U.S. Says Nigeria Currency Policies Hurt Trade, Manufacturing

  • Polices are a `barrier to trade,' says U.S. Commerce Secretary
  • Signs of factories laying off workers, says Pritzker

Foreign-exchange controls implemented by Nigeria’s government over the past year are hindering the ability of U.S. companies to do business in Africa’s largest economy, according to Commerce Secretary Penny Pritzker.

U.S. companies have “been quite explicit it’s a barrier to trade,” Pritzker said in an interview in the Nigerian commercial capital, Lagos on Monday.

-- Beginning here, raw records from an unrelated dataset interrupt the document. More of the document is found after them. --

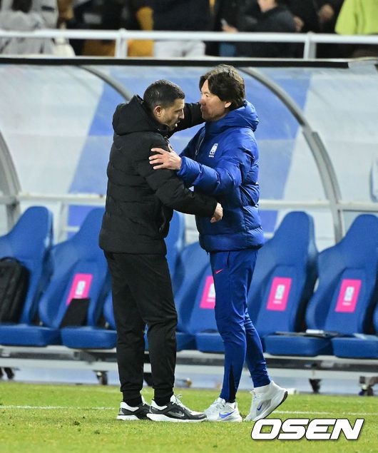 경기를 마치고 요르단 자말 셀라미 감독과 대한민국 홍명보 감독이 인사를 나누고 있다. 2025.03.25 / jpnews@osen.co.kr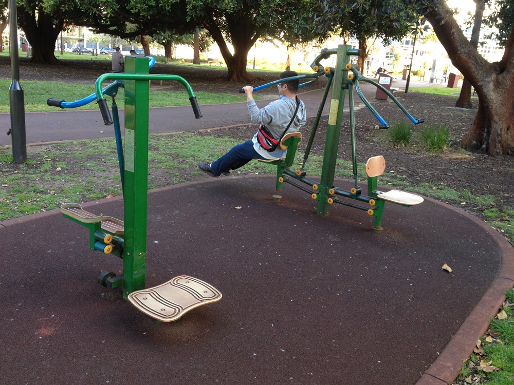 近くの公園にある健康器具での筋トレはもはや日課です。この公園、めっちゃホームレスの人達が居ますが、彼らの為に毎日食料が配られる車が来ます。色んな人に優しい国、オーストラリア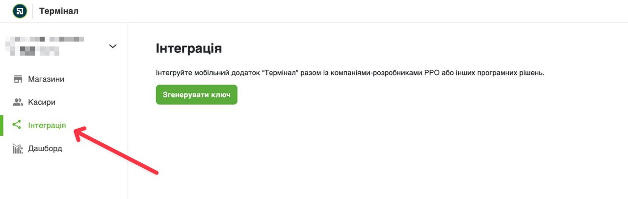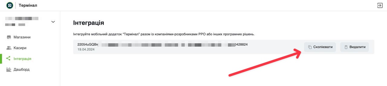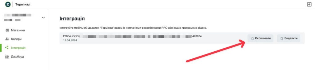 - На сторінці з’явиться “токен” для інтеграція терміналу з SkyService POS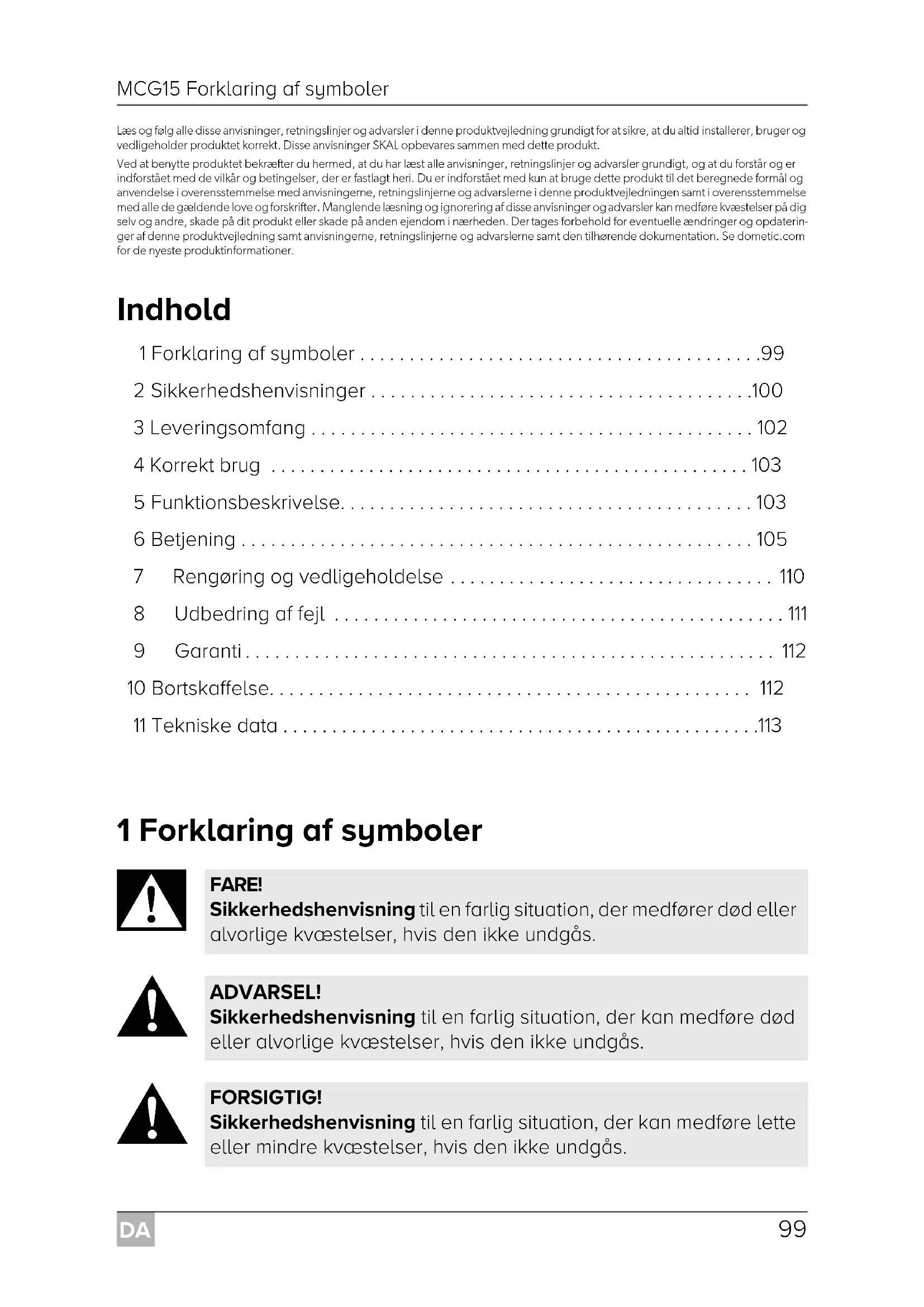 - Læs og følg alle disse anvisninger, retningslinjer og advarsler i denne produktvejledning grundigt for at sikre, at du altid installerer, bruger og vedligeholder produktet korrekt. Disse anvisninger SKAL opbevares sammen med dette produkt. Ved at benytte produktet bekræfter du hermed, at du har læst alle anvisninger, retningslinjer og advarsler grundigt, og at du forstår og er indforstået med de vilkår og betingelser, der er fastlagt heri. Du er indforstået med kun at bruge dette produkt til det beregnede formål og anvendelse i overensstemmelse med anvisningerne, retningslinjerne og advarslerne i denne produktvejledningen samt i overensstemmelse med alle de gældende love og forskrifter. Manglende læsning og ignorering af disse anvisninger og advarsler kan medføre kvæstelser på dig selv og andre, skade på dit produkt eller skade på anden ejendom i nærheden. Der tages forbehold for eventuelle ændringer og opdaterin- ger af denne produktvejledning samt anvisningerne, retningslinjerne og advarslerne samt den tilhørende dokumentation. Se dometic.com for de nyeste produktinformationer. Indhold 1 Forklaring af symboler p. 99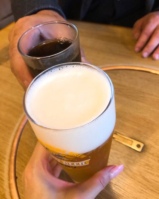 紅葉を見た後のビールは格別でした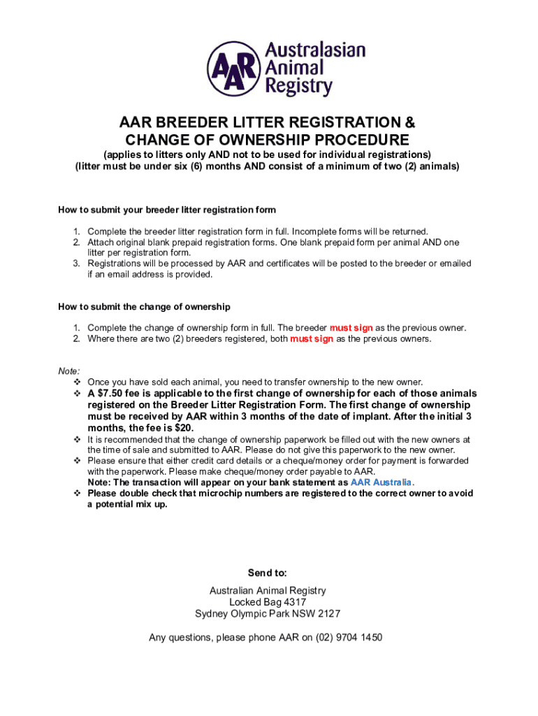 AAR BREEDER LITTER REGISTRATION & CHANGE OF OWNERSHIP PROCEDURE (applies to litter only AND not to be used for individual registrations) (litter must be under six (6) months AND consist of a minimum
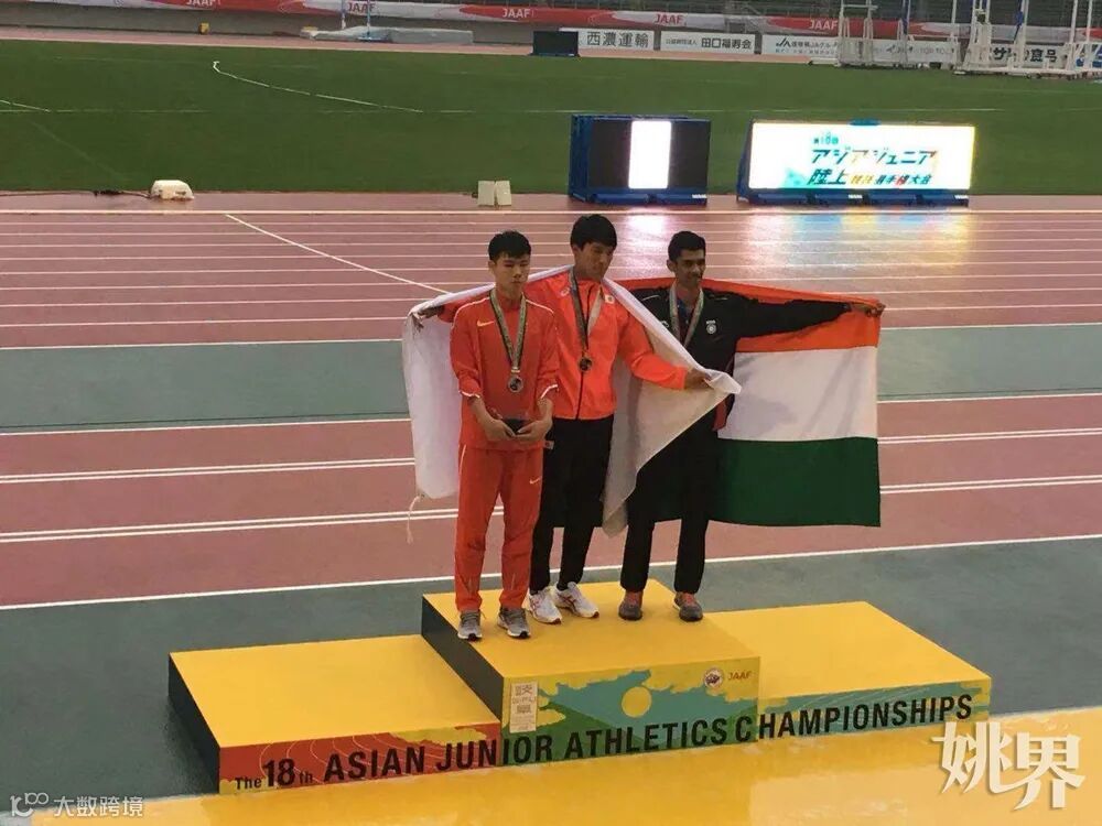 周科琦在2018年6月7日亚洲青年田径锦标赛的领奖台上。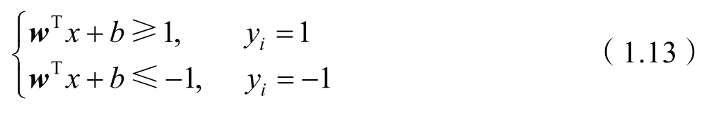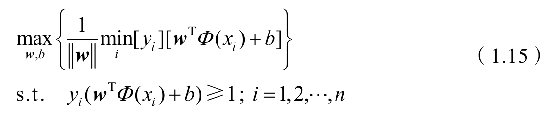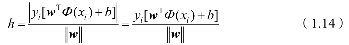 假设未知的符合要求的超平面为 f ( x )= w T Φ ( x )+ b 。当 x 为正例时, y =1;当 x 为负例时, y =-1。也就是说,当且仅当 f ( x )>0时, y i =1;当且仅当 f ( x )<0时, y i =-1。由此可得, y i ⋅f ( x )>0。由式(1.12)可得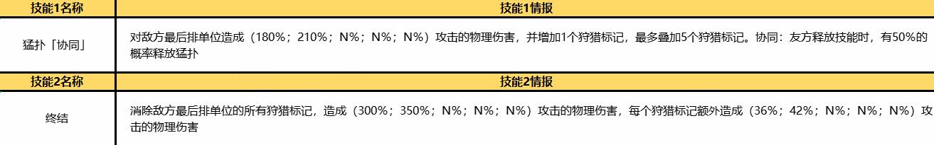 消除敌方最后排单位的所有狩猎标记,造成攻击的物理伤害,每个狩猎标记额外造成攻击的物理伤害。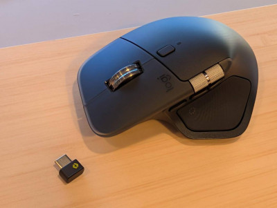 Logitech MX Master 4支援使用藍牙進行連線,或者可以搭配羅技獨家的Logi Bolt連接器,獲得更低更穩定的連線能力,完整充電可使用 70 天。(圖/記者黃肇祥攝)
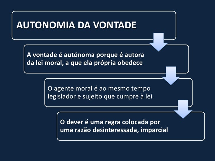 13. 13. AUTONOMIA DA VONTADE A vontade é autónoma porque é autora da lei moral, a que ela própria obedece O agente moral é ao mesmo tempo legislador e sujeito que cumpre à lei O dever é uma regra colocada por uma razão desinteressada, imparcial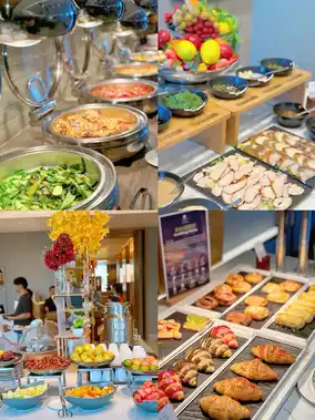 There is a wide variety of breakfast dishes, such as salads, breads, dim sum, cooked food, fruits, drinks, and instant congee noodles. The taste is quite good.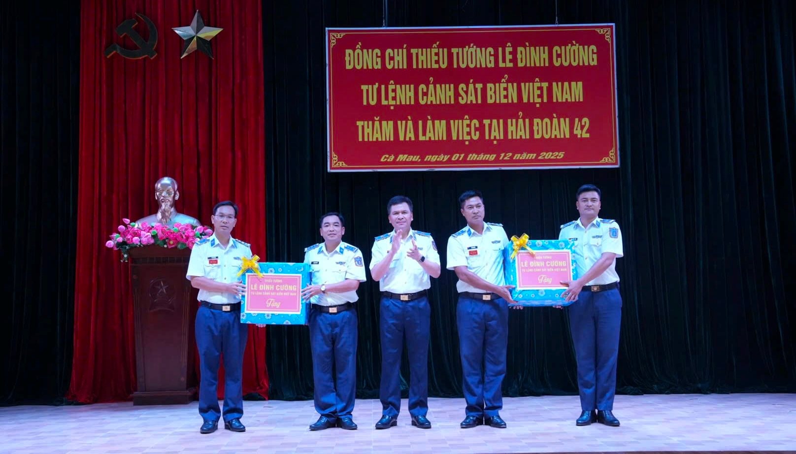 Cũng trong dịp này Tư lệnh Cảnh sát biển đã trao tặng những phần quà ý nghĩa động viên cán bộ, chiến sĩ Hải đoàn 42.

The policies also hurt Nigerian manufacturers because they import about 52 percent of their inputs and need dollars to pay for those, she said. Pritzker will raise the issue with Nigerian President Muhammadu Buhari and Vice President Yemi Osinbajo in Abuja, the capital, on Tuesday.

Nigeria’s central bank, with Buhari’s backing, has tried stop the currency weakening amid a rout in prices of oil, which provides Africa’s largest crude producer with almost all export earnings, by restricting imports and foreign exchange trading.

The regulator has effectively pegged the naira at 197-199 since March. Foreign investors have sold naira bonds and stocks to avoid a devaluation they see as all but inevitable. Forwards prices suggest the currency will weaken 20 percent to 249.5 per dollar in three months, while the black market rate fell to a record 305 this month.

“It sounds like you’re starting to see factory lay-offs,” Pritzker said. “That’s not good for Nigeria. And, of course, President Buhari is focused on inclusive growth. So, pointing out some of the contradictions between objectives and policies is part of the conversation we’ll have.”